Differentiation Rules

›Sum rule: (f + g)′ = f′ + g′. Derivative distributes over addition.
›Product rule: (f · g)′ = f′g + fg′. Used for expressions like x·sin(x).
›Quotient rule: (f/g)′ = (f′g − fg′) / g². Applied to 1/x, sin(x)/x, etc.
›Chain rule: (f(g(x)))′ = f′(g(x)) · g′(x). Used for sin(x²), exp(−x²), etc.
›Constant multiple: (cf)′ = c · f′. Constants factor out of derivatives.

Applications of Derivatives

›Optimization: Find where f′(x) = 0 to locate maxima and minima. Used in engineering design, economics (cost minimisation, profit maximisation), and machine learning (loss minimisation).
›Physics, kinematics: Position → velocity (1st derivative) → acceleration (2nd derivative) → jerk (3rd derivative). Every motion equation in classical mechanics involves derivatives.
›Newton's method: Uses f(xₙ)/f′(xₙ) to iteratively approach a root of f. Converges quadratically, see the Newton's Method Calculator.
›Taylor series: Any smooth function can be approximated as a polynomial using its derivatives at a point: f(x) ≈ f(x₀) + f′(x₀)(x−x₀) + f″(x₀)/2! · (x−x₀)² + …
›Related rates: Differentiate both sides of an equation with respect to time to find how one rate relates to another (e.g., how fast a shadow grows as someone walks).
›Signal processing: Derivatives detect edges in images (change in pixel intensity), identify peaks in spectra, and measure the rate of change in time-series data.

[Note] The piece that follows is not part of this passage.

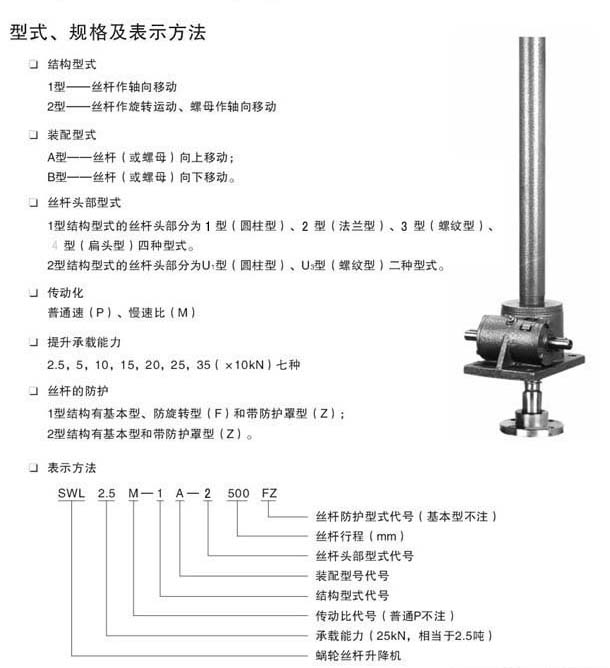絲杠升降機廣泛應(yīng)用于機械、冶金、建筑、水利設(shè)備等行業(yè),具有起升、下降及借助輔件推進、翻轉(zhuǎn)及各種高度位置調(diào)整等諸多功能.SWL蝸輪絲杠升降機是一種基礎(chǔ)起重部件,具有結(jié)構(gòu)緊湊、體積小、重量輕、動力源廣泛、無噪音、安裝方便、使用靈活、功能多、配套形式多、可靠性高、使用壽命長等許多優(yōu)點�?梢詥闻_或組合使用,能按一定程序準確地控制調(diào)整提升或推進的高度,可以用電動機或 其他動力直接帶動,也可以手動。它有不同的結(jié)構(gòu)形式和裝配形式,且提升高度可按用戶的要求定制。 。該裝置可以自鎖

Frequently Asked Questions

What is a derivative and what does it tell you?

›The derivative f′(x₀) is the instantaneous rate of change of f at the point x₀.
›Geometrically: it is the slope of the tangent line to the curve y = f(x) at (x₀, f(x₀)).
›If f measures position vs time, f′ measures velocity. If f measures velocity, f′ measures acceleration.
›A positive f′(x₀) means f is increasing at x₀. Negative means decreasing. Zero means a flat tangent (possible extremum).
›The derivative is the core concept of differential calculus and underpins optimization, physics, economics, and engineering.

Why use numerical differentiation instead of symbolic differentiation?

›Symbolic differentiation applies algebraic rules (power rule, chain rule, product rule) to produce an exact formula.
›Numerical differentiation evaluates the function at nearby points and estimates the derivative, no algebra required.
›Numerical methods work on any computable function, including those too complex for closed-form differentiation.
›For data-driven functions (tabulated data, black-box simulations) there is no formula to differentiate symbolically.
›The trade-off: numerical results are approximate, while symbolic results are exact. For most practical purposes the approximation is more than adequate.

How accurate is the central difference formula?

›Central difference has O(h²) accuracy, the error is proportional to h². Using h = 10⁻⁵ gives error ≈ 10⁻¹⁰.
›In practice you get ~10 correct decimal digits for smooth functions, more than enough for engineering and science.
›Accuracy degrades near discontinuities, cusps, or where the function changes very rapidly.
›Very small h (like 10⁻¹⁵) causes floating-point cancellation errors, subtraction of nearly equal numbers loses precision.
›h = 10⁻⁵ is a well-tested balance between truncation error (wants small h) and rounding error (wants large h).

What is the second derivative used for?

›Concavity: f″(x) > 0 means the curve is concave up (bowl), f″(x) < 0 means concave down (dome).
›Second derivative test: if f′(x₀) = 0 and f″(x₀) > 0, then x₀ is a local minimum; if f″(x₀) < 0, it's a local maximum.
›Inflection points occur where f″ changes sign (not just where f″ = 0).
›In physics: if f is position, f′ is velocity, f″ is acceleration. Newton's second law relates f″ to force.
›In economics: the second derivative of a cost or utility function determines diminishing returns.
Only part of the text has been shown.